Weiter fordert das Gesetz private Arbeitgeber mit mehr als 500 Beschäftigten auf, betriebliche Prüfverfahren zur Einhaltung des Entgeltgleichheitsgebotes anzuwenden. Jochmann-Döll merkt hierzu an, dass das Gesetz keine Verpflichtung sei – sondern lediglich eine Aufforderung. Gibt es keine Prüfungen, werde dieser Umstand nicht sanktioniert. Es gebe also keine Pflicht zur Überprüfung der Gleichwertigkeit von Tätigkeiten – und auch keine Kontrolle eventueller Maßnahmen zur Beseitigung von festgestellten Benachteiligungen.

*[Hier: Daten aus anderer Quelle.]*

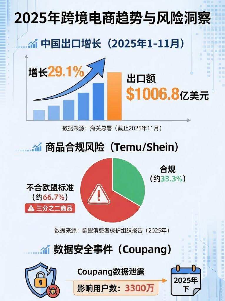 欧盟多国消费者组织联合测试发现,Temu和Shein平台上约三分之二商品不符合欧盟安全标准,其中Shein违规比例达73%,Temu为65%。韩国电商巨头Coupang发生数据泄露事件,实际影响用户超过3300万,涵盖姓名、邮箱、地址和订单等多项信息。市场数据方面,2025年1-11月中国个人跨境电商商品出口总额达1006.8亿美元,同比增长29.1%,对欧盟出口额247.2亿美元,同比增长52.9%。
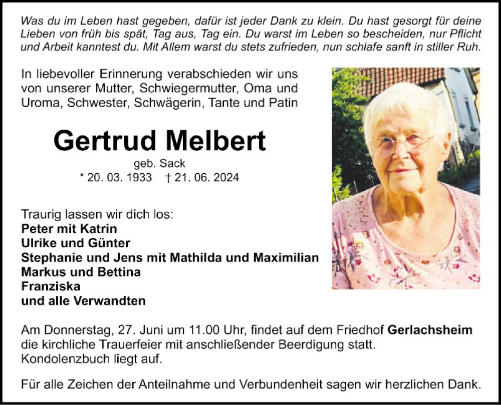 Hier finden Sie alle Traueranzeigen aus der Zeitung, die bisher für Gertrud Melbert erschienen sind. Weitere Traueranzeigen, die in der Zeitung erscheinen, werden hier ebenfalls aufgelistet
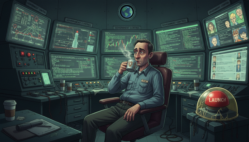 There exists, somewhere in the vast bureaucratic machinery of human civilization, a person whose job it is to ensure that nuclear weapons don’t accidentally get launched. This person, let’s call him Dave, probably has a mortgage; enjoys mediocre coffee; and occasionally forgets where they parked their car. Dave is, in other words, exactly as competent as the rest of us, which is to say: just barely enough to muddle through most days without setting anything important on fire.
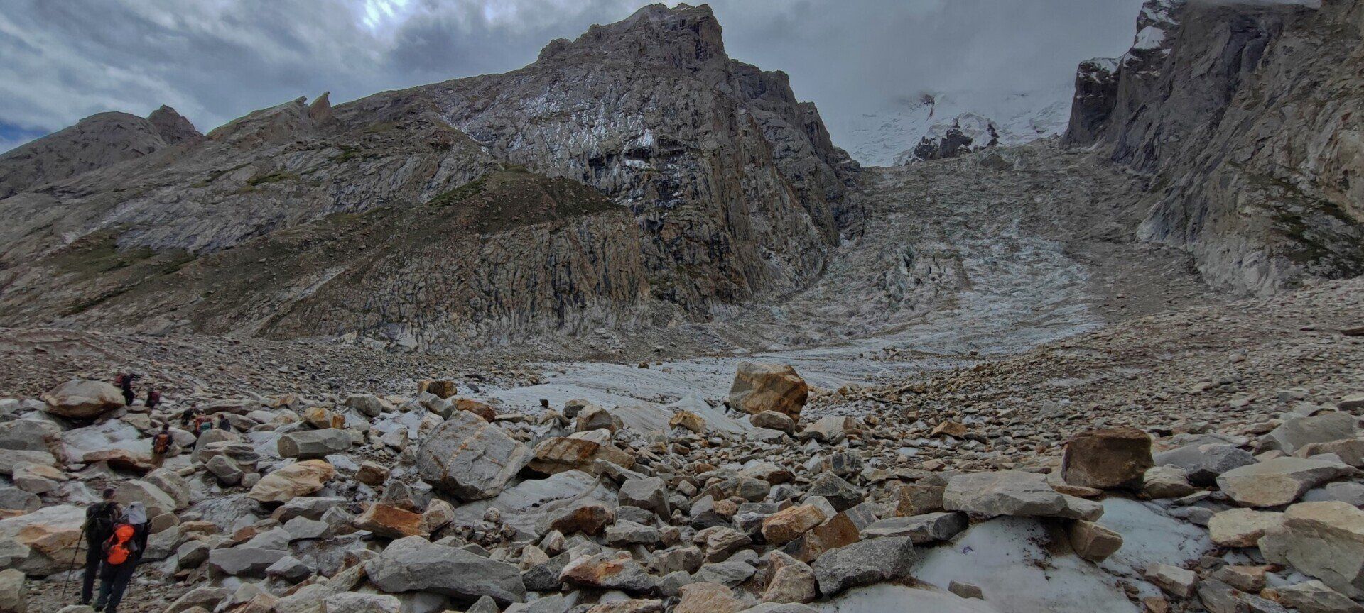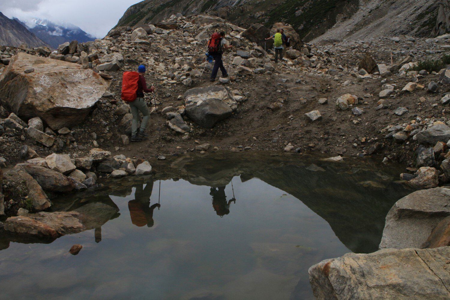 We lopen langs de rand van gletsjer en af en toe erop, als we een zij-gletsjer moeten oversteken.

Keine wesentliche Erleichterung

In ihrem Fazit fasst Jochmann-Döll zusammen: Das Gesetz könne für Entgeltgleichheit sensibilisieren, schaffe aber nur bedingt die angepeilte Transparenz. Es ignoriere potenzielle Diskriminierung in Tarifverträgen und bleibe teilweise hinter geltendem Recht zurück. Und: Es würde die Rechtsdurchsetzung für die Betroffenen nicht wesentlich erleichtern. Jochmann-Döll: „Das Entgelttransparenzgesetz lässt eher wenig Aktivität erwarten und sollte verbessert werden.“

„Lohnlücke ins Bewusstsein rücken“

Um auf den noch immer großen Gehaltsunterschied zwischen Männern und Frauen aufmerksam zu machen, hatte die Gleichstellungsbeauftragte des Landkreises Northeim, Uljana Klein, zum „Equal Pay Day“ eine Aktion in der Northeimer Innenstadt initiiert. Ein Zusammenschluss politisch aktiver Frauen aus dem Northeimer Kreistag war dort gemeinsam mit den Landfrauen des Kreisverbandes Northeim, der Gleichstellungsbeauftragten und Landrätin Astrid Klinkert-Kittel (parteilos) unterwegs. Mit zahlreichen Menschen seien Gespräche über den Entgeltunterschied geführt worden. „Wir wollten die Lohnlücke zwischen den Geschlechtern ins Bewusstsein der Bürgerinnen und Bürger rücken“, erklärte Klinkert-Kittel das Ziel der Aktion. Nur so könne Ungleichbehandlung und Ungerechtigkeit abgebaut werden, fügte Klein hinzu. In Deutschland bekommen Frauen durchschnittlich 21 Prozent weniger Lohn als Männer – damit zähle das Land im internationalen Vergleich zu den Schlusslichtern beim Lohngefälle zwischen den Geschlechtern. Nur in Estland, Österreich und der Tschechischen Republik sei die Gehaltslücke noch größer. Der „Equal Pay Day“ wird in verschiedenen Ländern an unterschiedlichen Tagen begangen. In diesem Jahr fiel der Aktionstag in Deutschland auf den 18. März. Theoretisch hätten Frauen bis zu diesem Tag ohne Lohn und Gehalt gearbeitet, wenn man das durchschnittliche Lohngefälle zugrunde legt. In Deutschland gibt es den „Equal Pay Day“ seit 2008.